WHAT THE EXERCISE ASKS.
Give again the lines from the line with "株式会社キャッスルホテル(本" to the last line of the records, exactly and in full. Do not carry over any pictures.

(Collected data)
========================================================================

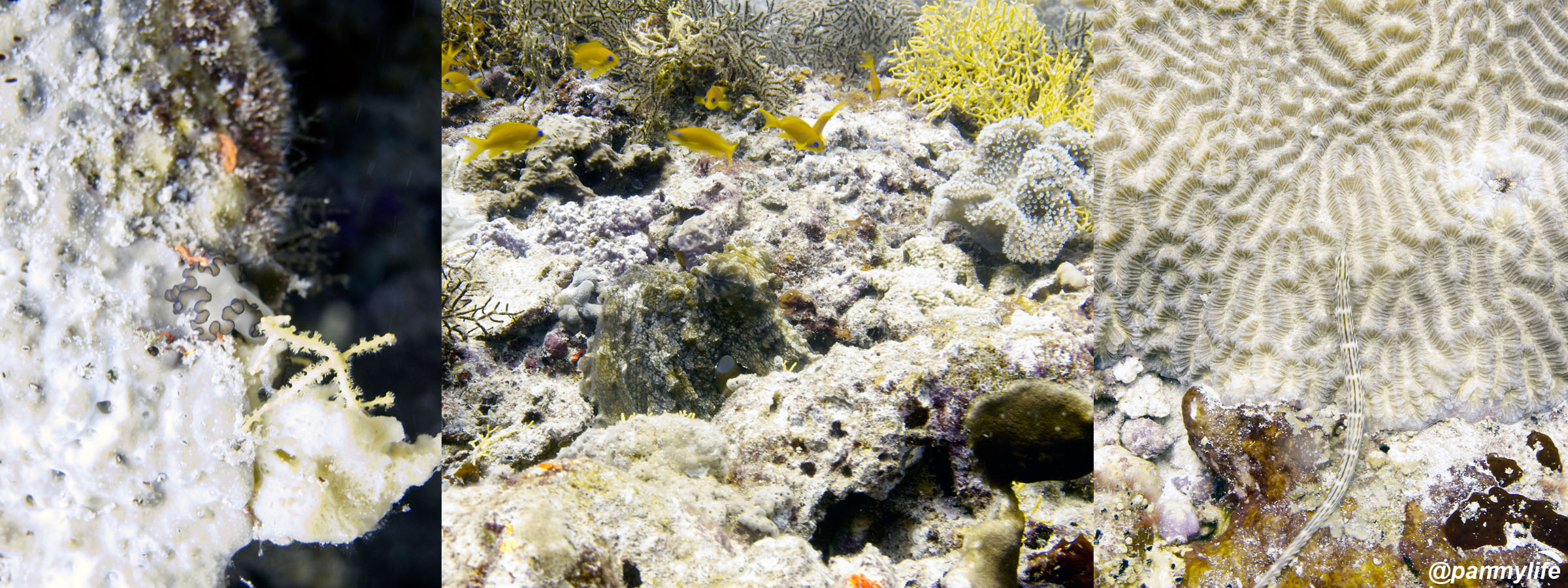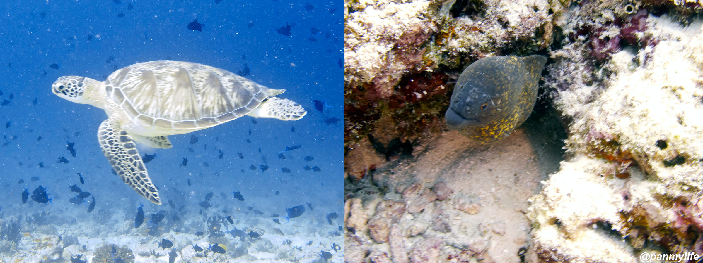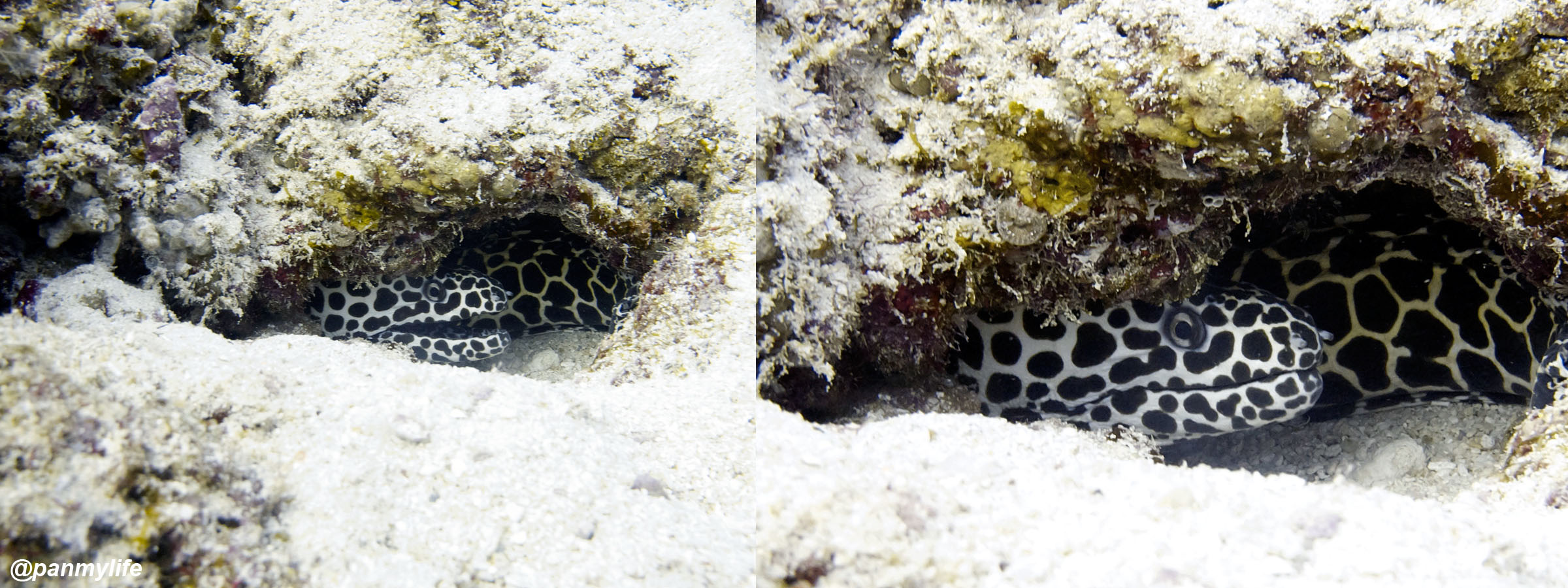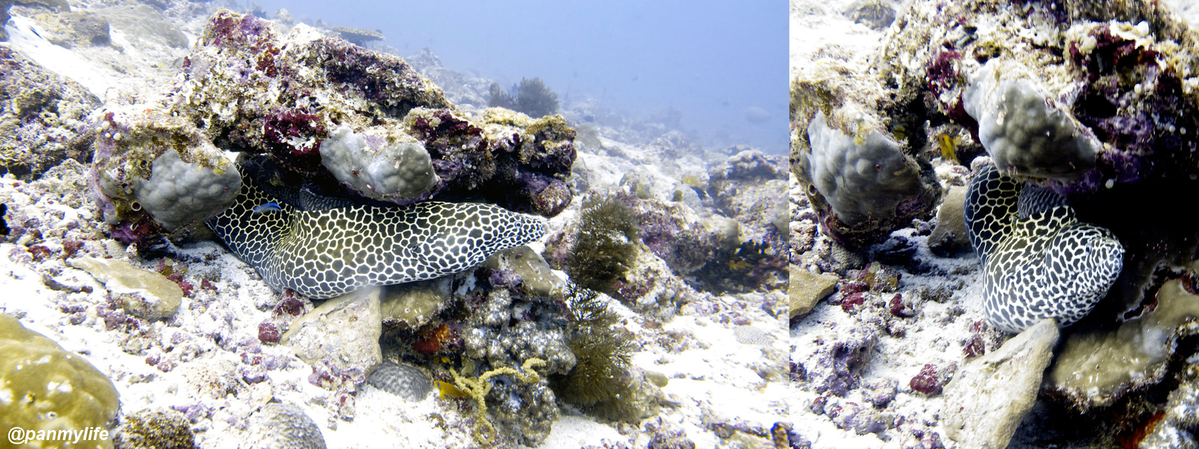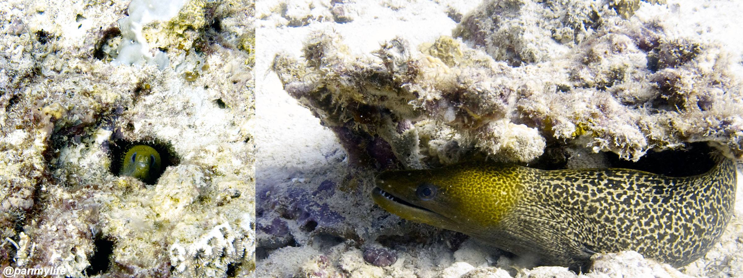 It seems that the conditions were not as predicted. The lack of current also meant no big fishes. It was a quiet and calm dive but there were some pretty creatures too. This was like a moray eel gallery. They were all over the place and all in different colours too.
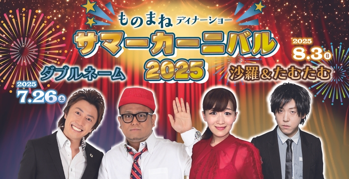 株式会社キャッスルホテル(本社:兵庫県明石市、社長:成田良伸)は、JR西明石駅近くのホテルキャッスルプラザにて、7月26日(土)と8月3日(日)の2日間、毎年恒例のサマーディナーショーを開催します。本年は、お笑いコンビ「ダブルネーム」とものまねタレント「沙羅&たむたむ」を特別ゲストに迎え、夏の夜を華やかに彩ります。チケットは6月18日(水)10:00からweb限定で予約受付を開始します。
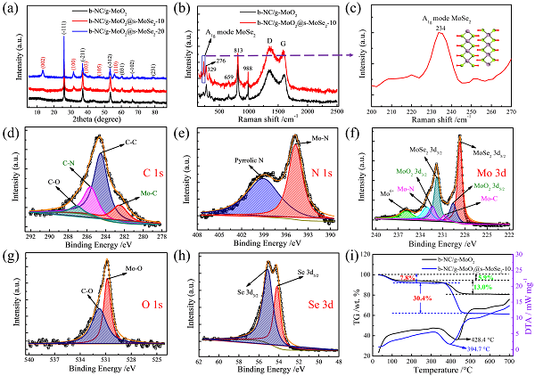 (b-c) b-NC/g-MoO2@s-MoSe2-10及其对比材料的Raman图;
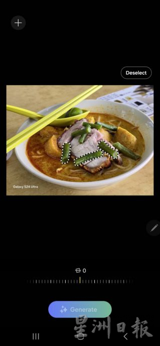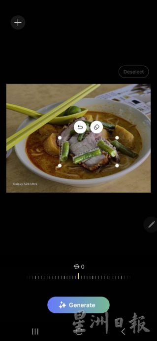 | 4. 选择删除,再点击下方的“Generate”,Galaxy AI就会自动删除和生成所需的画面内容。
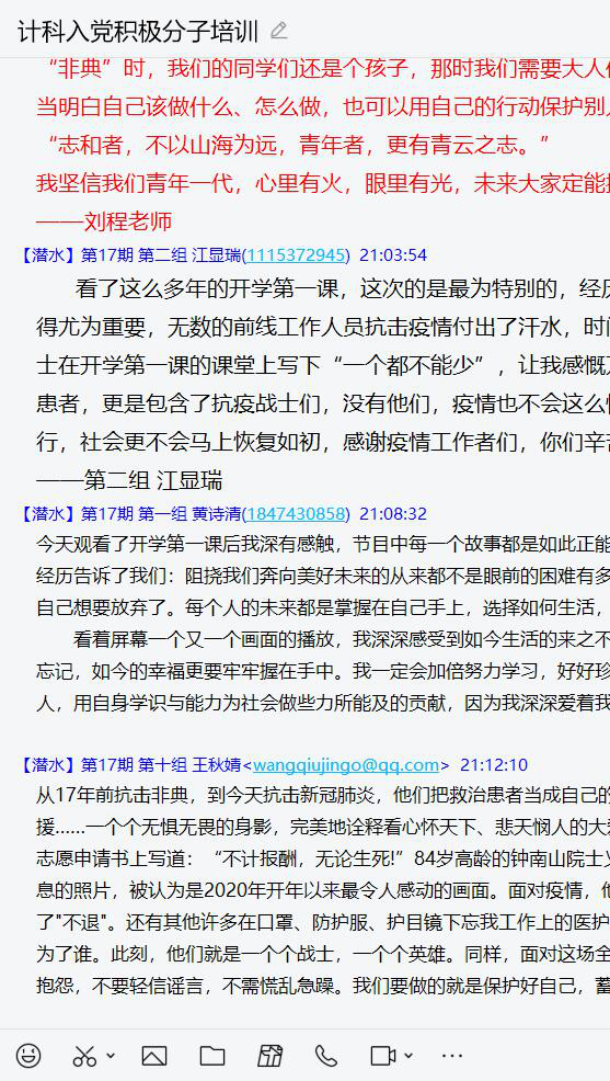 通过此次观看《开学第一课》,同学们感慨万千,各自在群内发表百字感想并互相交流,对青年党员工作任务有了更深刻的认识,进一步统一思想、端正态度并提高了责任感与使命感。

========================================================================

ANSWER AREA.
 株式会社キャッスルホテル(本社:兵庫県明石市、社長:成田良伸)は、JR西明石駅近くのホテルキャッスルプラザにて、7月26日(土)と8月3日(日)の2日間、毎年恒例のサマーディナーショーを開催します。本年は、お笑いコンビ「ダブルネーム」とものまねタレント「沙羅&たむたむ」を特別ゲストに迎え、夏の夜を華やかに彩ります。チケットは6月18日(水)10:00からweb限定で予約受付を開始します。
 (b-c) b-NC/g-MoO2@s-MoSe2-10及其对比材料的Raman图;
 | 4. 选择删除,再点击下方的“Generate”,Galaxy AI就会自动删除和生成所需的画面内容。
 通过此次观看《开学第一课》,同学们感慨万千,各自在群内发表百字感想并互相交流,对青年党员工作任务有了更深刻的认识,进一步统一思想、端正态度并提高了责任感与使命感。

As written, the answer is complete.